- _WORK ORDER_:
From the records below, transcribe exactly the lines that begin at the line with "Eller klart blir" and end at the line with "Polyester Karlstad Corner", both included.

- _DATA FOR THE TASK_:
*** Begin section ***
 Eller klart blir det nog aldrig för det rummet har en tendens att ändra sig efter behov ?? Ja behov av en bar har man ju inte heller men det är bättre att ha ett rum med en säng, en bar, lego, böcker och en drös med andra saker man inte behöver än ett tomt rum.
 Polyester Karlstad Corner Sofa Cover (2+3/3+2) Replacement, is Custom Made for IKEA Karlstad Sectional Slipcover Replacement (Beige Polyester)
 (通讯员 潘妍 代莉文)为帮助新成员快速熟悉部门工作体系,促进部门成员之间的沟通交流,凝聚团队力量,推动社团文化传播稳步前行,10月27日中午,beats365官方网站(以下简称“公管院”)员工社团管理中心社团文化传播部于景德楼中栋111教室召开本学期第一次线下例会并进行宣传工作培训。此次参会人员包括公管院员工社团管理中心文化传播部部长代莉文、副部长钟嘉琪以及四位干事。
*** End section ***
*** Begin section ***
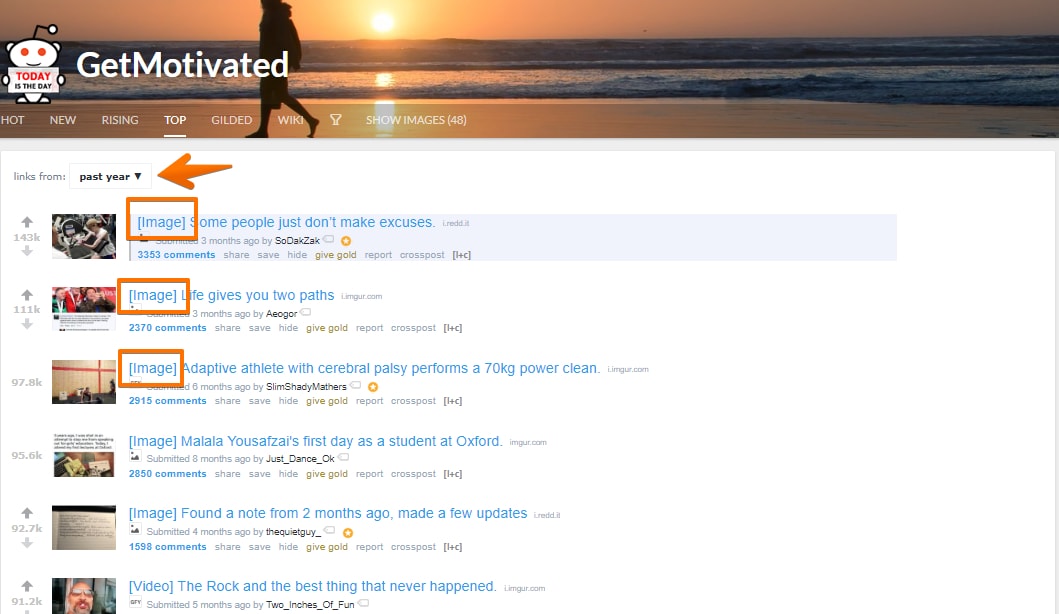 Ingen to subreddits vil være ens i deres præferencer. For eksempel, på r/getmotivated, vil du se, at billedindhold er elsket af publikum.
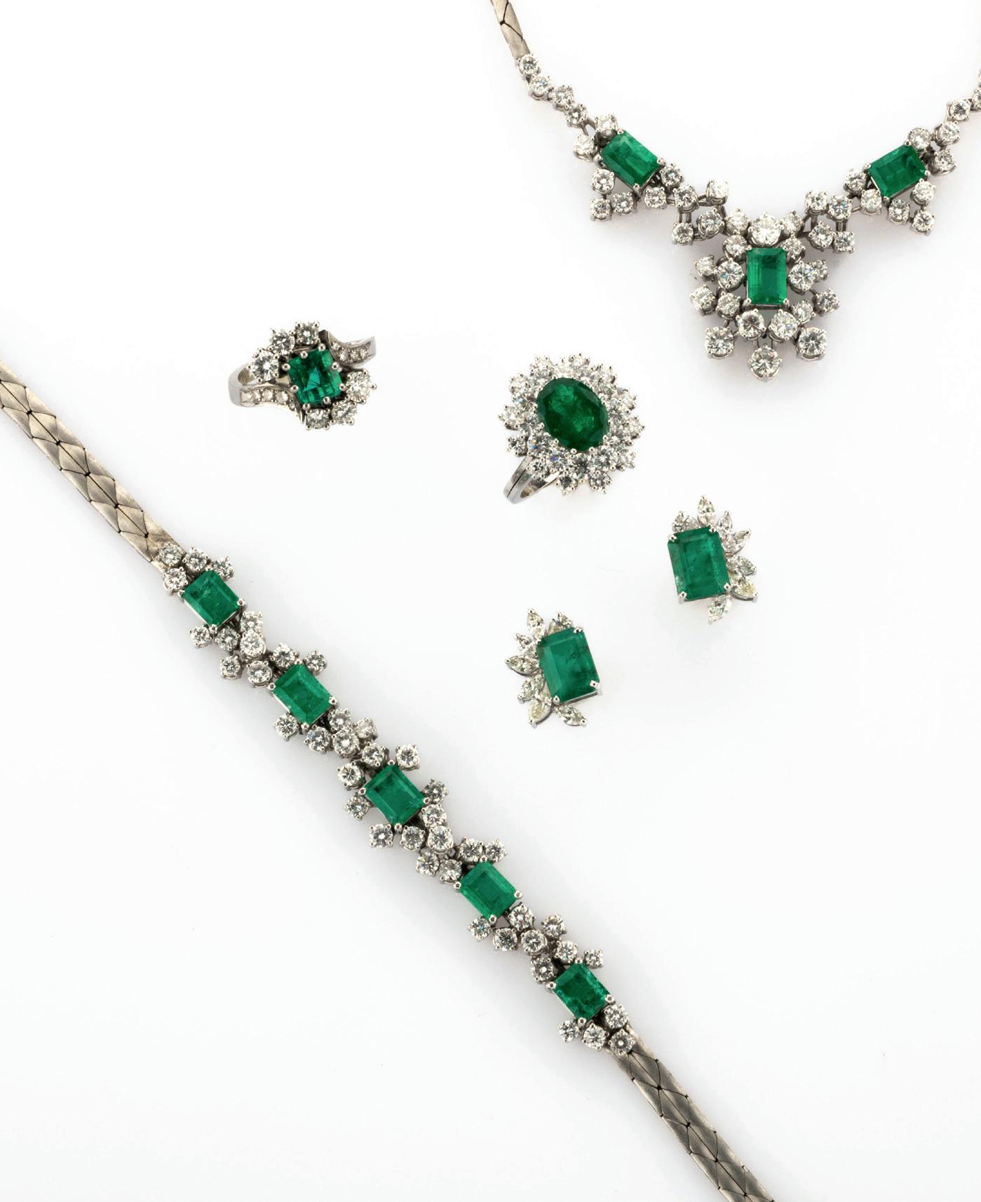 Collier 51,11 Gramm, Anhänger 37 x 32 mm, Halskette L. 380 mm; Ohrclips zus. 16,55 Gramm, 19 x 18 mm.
*** End section ***
- _ANSWER FOR THIS EXERCISE_:
 Eller klart blir det nog aldrig för det rummet har en tendens att ändra sig efter behov ?? Ja behov av en bar har man ju inte heller men det är bättre att ha ett rum med en säng, en bar, lego, böcker och en drös med andra saker man inte behöver än ett tomt rum.
 Polyester Karlstad Corner Sofa Cover (2+3/3+2) Replacement, is Custom Made for IKEA Karlstad Sectional Slipcover Replacement (Beige Polyester)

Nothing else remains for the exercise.